Wait x amount of time (where x >= the round trip time for the subsequent medium(s) (including the round trip time for the MQTT QoS 1 packet over the internet medium)) for a response before iterating mediums again.

If another device (we'll call it our "relay") is connected to the internet and receives the broadcast message, it (the relay) uploads it via MQTT (QoS 1) to the recipient's UID topic. Once this message is uploaded and confirmed, the relay broadcasts a message (over the same medium it received the message to be uploaded on) that the sender ID's message ID was uploaded. This is a QoS 0 message, as it is the ACK for the QoS 1 message from the sender. The relay should also store (for __ amount of time) the message ID and sender ID so that it can re-ACK with QoS 0 if the sender doesn't receive the ACK and implements a retry as per QoS 1. If the relay during this process overhears a broadcast of this same message ID and sender ID, it should drop the message and not do anything. To prevent a malicious relay from sending a fake ACK and preventing transmission of the message, when messages are relayed/delivered to the MQTT broker, the broker should sign/complete a nonce challenge that only the broker could complete so that the relay can't fake the ACK. This idea of ignoring messages that have an ACK should only be done if the relay can confirm the ACK it hears was actually sent by the broker.

If the target device is within the medium's range, it should receive the message (and perform all normal decryption and CRC/FEC checks and assert they pass) and send a recipient signed ACK (QoS 0) back to the sender. This is effectively a full delivery receipt.

If a non-internet connected relay receives the broadcast message, it should increment the hop count (for this medium) and rebroadcast the message, attaching (or more probably replacing the previous hop ID, if applicable, with its own storing the previous hop ID for some time) its ID on as a chain. It should only do this, however, if the hop/medium count meets the criteria below, AND if it hasn't already rebroadcast the message (based on the message ID). This means message IDs should be stored for some amount of time to prevent loops. Additionally, the RSSI of the incoming message should be considered, and if it is not below some threshold (potentially a moving threshold based on the device type, antenna gain, battery size, remaining charge, etc.) than it is not considered a "significant" enough improvement in RSSI to relay the message, so it ignores it. While a malicious relay could rebroadcast the message with a higher hop count than it should have, we have a max hop limit for each medium at a protocol definition/implementation level that valid devices won't exceed, which mitigates impact from the attack. Additionally, it is assumed that since the attack would have limited impact, it is not worth the effort to prevent it at this time, nor is it expected to happen frequently. This could be revisited if it becomes a problem. If the hop count is greater than some threshold for that specific medium, it should look to the next medium. This continues either until the message is delivered or the hop count is too high for all mediums. Once the hop count is too high for a medium, it should descend the medium list again with fresh hop counts for each medium. It gives up once it has tried all mediums with a hop count greater than the threshold and the message has ascended and descended the medium list without delivery.x

If a device receives a message that it has already received (based on the message ID), it should drop the message and not do anything.

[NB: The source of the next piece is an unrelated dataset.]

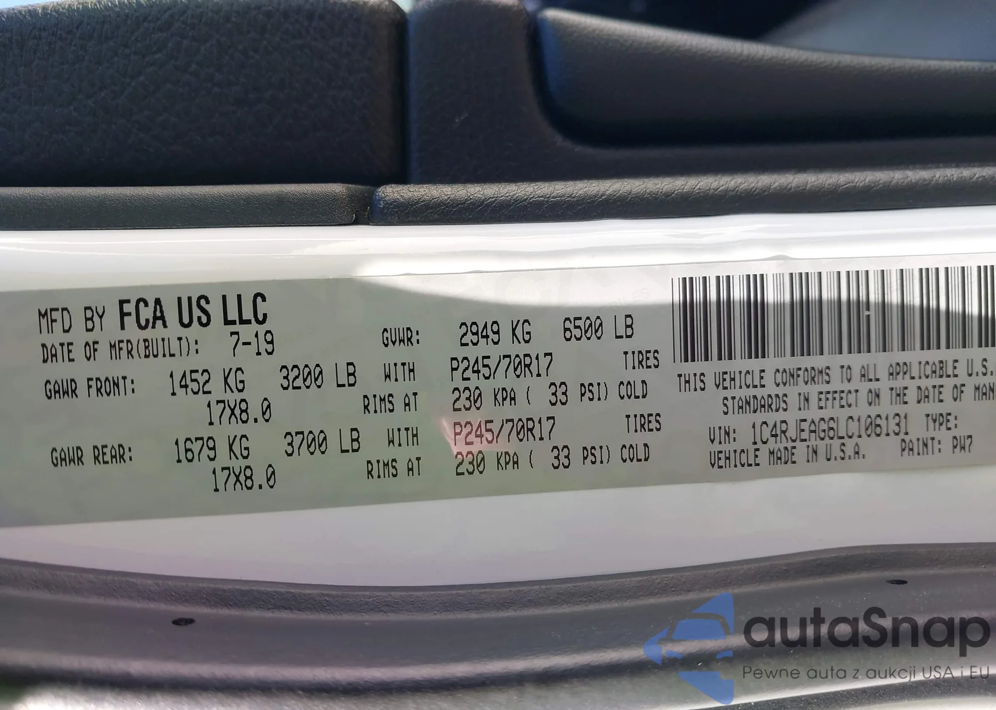 • VIN 1C4RJEAG6LC106131

If an internet connected device (or the intended recipient) eventually receives the message, it should upload it to the recipient's UID topic (QoS 1) and then broadcast a message that the sender ID's message ID was uploaded. If it was done through another prior relay, this relay's ID is also a secondary target on this QoS 0 ACK. Then, the message can back propagate through the network to the sender in the same way it was delivered, but in reverse, with each device sending a QoS 0 ACK to the previous device in the chain. This is effectively a full delivery receipt that also mirrors the same medium path. It is assumed here that the path the message got to its recipient and/or the internet in was "ideal" purely because it had the lowest latency, so we would like to use this path again if possible. Alternatively, the route chain may have broken, so the sender ID is still the primary target, and a new route chain could form to deliver the ACK (without adding the relay ID to the ACK, as it won't need to back propagate again). This is a new route formation in this case, but should mean that one mechanism or the other should get the ACK delivered and the route to do it could be the back propagation or a new route formation, whichever is more efficient (in terms of latency) (although both may end up delivering it). ACKs should also have (some algorithmically determined) less number of max hops than the original message, as we don't want them to have as much of an impact on the network as the original message, and if the sender doesn't receive the ACK and retries the message, some device on the incomplete ACK path will receive the message again and send the ACK back without the message ID (which was already seen) from needing to be sent all the way again.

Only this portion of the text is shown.